Content-Transfer-Encoding: 7bit
Content-Disposition: inline;
filename="threadjam.cpp"
/*
* Thread-creation bug reproducer.
*
* Author: jimrees@itasoftware.com
*
* Starting with nearly any 2.4 kernel, on SMP platforms (both Intel
* and AMD), it appears that newly created threads sometimes get an
* inconsistent view of memory. This program is intended to reproduce
* the problem, but it can sometimes take a while. I have seen
* reproducible failures on 2.4.2, 2.4.5, 2.4.8, 2.4.9, and 2.4.14.
*
* main() starts off by creating 'M' leaf-creator threads, each of
* these rendezvous before starting to fire off children. Then each
* leaf-creator fires off 'N' threads, and gives each a pointer to a
* plain data structure where the fourth element must be the sum of
* the first three, and the first three are randomly generated. The
* subthread then 'validates' the structure, complains if the
* condition fails, and exits.
*
* Typical behavior includes segfaults, complaint of failure, and
* complaint of failure followed immediately by segfault. I would
* guess that if a failure can be detected, then there's also a good
* chance the thread that detected the failure has an inconsistent
* view of its own stack -- hence the segfaults. Note that I never
* seen any other running program affected by this behavior, nor have
* I seen any kernel panics/oops or system hangs. The multi-threaded
* program is the only program affected.
*
* With default arguments, the program usually crashes within a few
* seconds, though some cases take longer -- 4 minutes with no crashes
* is probably sufficient to say the bug is fixed.
*
* Usually, I get the crashes quick if nothing else on the system is
* consuming significant CPU time. Though, I have seen crashes happen
* during kernel builds too.
*
* The random sleep variables used are admittedly very crude -- I know
* that the best sleep precision available is 10ms, so most of the
* sleeps below are simply until the next kernel tick -- but the
* reproducer still works fine.
*
* To build the reproducer:
*
* g++ -O threadjam.cpp -lpthread
*/
#include <pthread.h>
#include <stdlib.h> // atoi
#include <unistd.h> // usleep,sleep
#include <iostream> // cout,cerr
#include <fstream> // ifstream
#include <string.h> // strcasecmp
/*
* Parameters:
*
* N -- the split, default to 5
* -- This is the number of leaf-threads created by each primary thread
* per loop pass.
* M -- # leaf-thread creator threads, defaults to 4
*
* SMIN -- min sleep us, defaults to 1000 micro-seconds (1 milli)
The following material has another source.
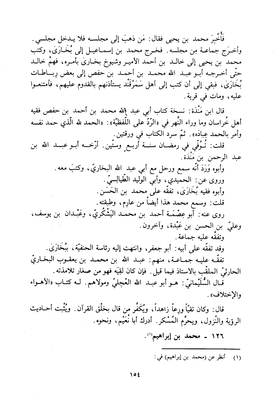 قَالَ ابنُ مَنْدَه: نسخة كتاب أَبِي عَبْد الله محمد بْن أَحْمَد بْن حَفْص فقيه أَهْل خُراسان وما وراء النَّهر في «الرّدّ على اللّفظيّة» : «الحمد للَّه الَّذِي حمد نفسه وأمر بالحمد عِباده» . ثُمَّ سرد الكتاب فِي ورقتين.

* SMAX -- max sleep us, defaults to 2000 micro-seconds (2 milli)
*
* Yes, sleeps on Linux are constrained to multiples of 10 milliseconds (plus the
* time until the *next* 10ms kernel tick).
*/
static int N = 5;
static int M = 4;
static int SMIN = 1000;
static int SMAX = 2000;
const struct argProc_t {
const char* argname;
int* argptr;
} argProc[] = { { "N", &N },
{ "M", &M },
{ "SMIN", &SMIN },
{ "SMAX", &SMAX },
{ NULL, NULL } };
static void parse_args(int argc, char **argv)
{
while(argc > 1 && argv[0][0] == '-') {
const argProc_t* a = argProc;
bool match_found = false;
while(a->argname) {
if (strcasecmp(&argv[0][1], a->argname) == 0) {
*(a->argptr) = atoi(argv[1]);
cout << a->argname << " = " << *(a->argptr) << endl;
argv += 2;
argc -= 2;
match_found = true;
break;
}
else
++a;
}
if (!match_found) {
clog << "No match for " << argv[0] << endl;
exit(1);
}
}
}
/*
* The Rendezvous class is a way for multiple threads to 'meet up' at
* a particular point before proceeding. All threads arriving are
* blocked until the *final* thread arrives, then all threads are
* released. */
class Rendezvous
{
pthread_mutex_t m_lock;
pthread_cond_t m_condition;
int m_waiting_for; // # threads waiting for still
public:
explicit Rendezvous(int mthreads=0) : m_waiting_for(mthreads) {
pthread_mutex_init(&m_lock, NULL);
pthread_cond_init(&m_condition, NULL);
}
void setThreads(int n) { m_waiting_for = n; }
// Join the rendezvous...
void join() {
pthread_mutex_lock(&m_lock);
if (--m_waiting_for == 0) {
// Ah, I was the last one, broadcast, and return...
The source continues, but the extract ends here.